TASK GOAL: For this exercise, write out only the lines of the entries below from the one with "March, 2025. https://www.instagram.com/p/DKspLJMBorP/" up to and including the one with "VAIIGO 6Pack Adjustable", exactly as they are. Pictures stay out.

RECORDS FOR PROCESSING:
####

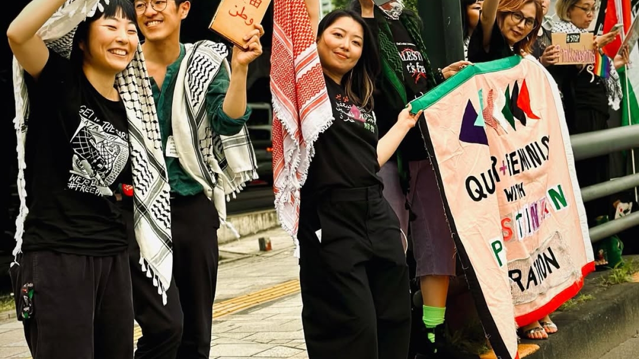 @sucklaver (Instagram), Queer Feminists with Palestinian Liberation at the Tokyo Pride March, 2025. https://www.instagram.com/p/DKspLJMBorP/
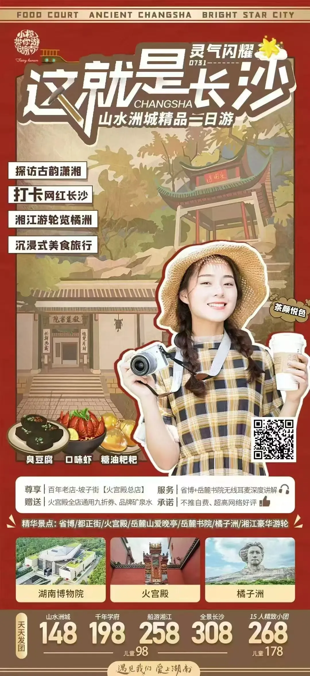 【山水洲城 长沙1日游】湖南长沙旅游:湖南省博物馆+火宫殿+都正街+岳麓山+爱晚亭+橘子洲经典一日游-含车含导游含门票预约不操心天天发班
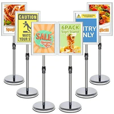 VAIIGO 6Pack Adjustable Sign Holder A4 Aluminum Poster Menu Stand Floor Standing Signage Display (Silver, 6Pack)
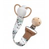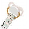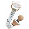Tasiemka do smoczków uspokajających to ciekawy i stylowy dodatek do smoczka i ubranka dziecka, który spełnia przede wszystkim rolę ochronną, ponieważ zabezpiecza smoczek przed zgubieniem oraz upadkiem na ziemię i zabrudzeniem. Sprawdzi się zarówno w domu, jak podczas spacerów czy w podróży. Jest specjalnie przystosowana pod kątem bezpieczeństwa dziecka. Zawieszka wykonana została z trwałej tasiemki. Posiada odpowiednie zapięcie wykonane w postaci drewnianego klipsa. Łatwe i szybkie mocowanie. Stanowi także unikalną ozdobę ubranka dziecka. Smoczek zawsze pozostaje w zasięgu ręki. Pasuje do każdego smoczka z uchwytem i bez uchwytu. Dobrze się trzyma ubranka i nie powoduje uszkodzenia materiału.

####

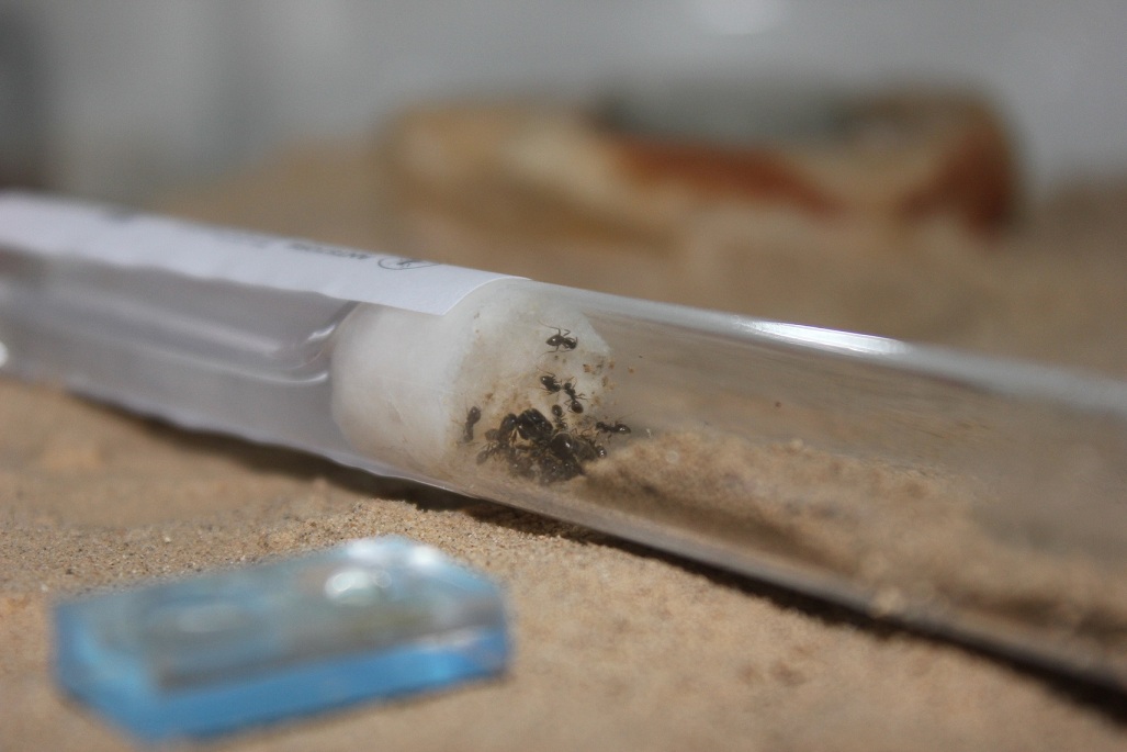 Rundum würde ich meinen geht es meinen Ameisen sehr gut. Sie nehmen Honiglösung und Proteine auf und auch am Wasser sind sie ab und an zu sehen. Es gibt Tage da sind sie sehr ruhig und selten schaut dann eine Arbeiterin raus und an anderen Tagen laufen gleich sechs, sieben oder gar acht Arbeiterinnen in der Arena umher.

####

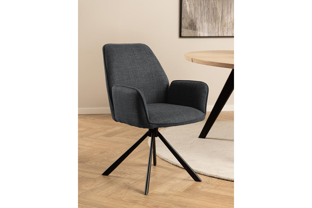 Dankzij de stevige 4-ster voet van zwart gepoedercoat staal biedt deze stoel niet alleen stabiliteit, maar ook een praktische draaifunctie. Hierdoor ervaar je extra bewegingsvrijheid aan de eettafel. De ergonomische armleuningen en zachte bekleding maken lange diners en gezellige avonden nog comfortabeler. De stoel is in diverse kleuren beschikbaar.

####

OUTPUT OF THE TASK:
 @sucklaver (Instagram), Queer Feminists with Palestinian Liberation at the Tokyo Pride March, 2025. https://www.instagram.com/p/DKspLJMBorP/
 【山水洲城 长沙1日游】湖南长沙旅游:湖南省博物馆+火宫殿+都正街+岳麓山+爱晚亭+橘子洲经典一日游-含车含导游含门票预约不操心天天发班
 VAIIGO 6Pack Adjustable Sign Holder A4 Aluminum Poster Menu Stand Floor Standing Signage Display (Silver, 6Pack)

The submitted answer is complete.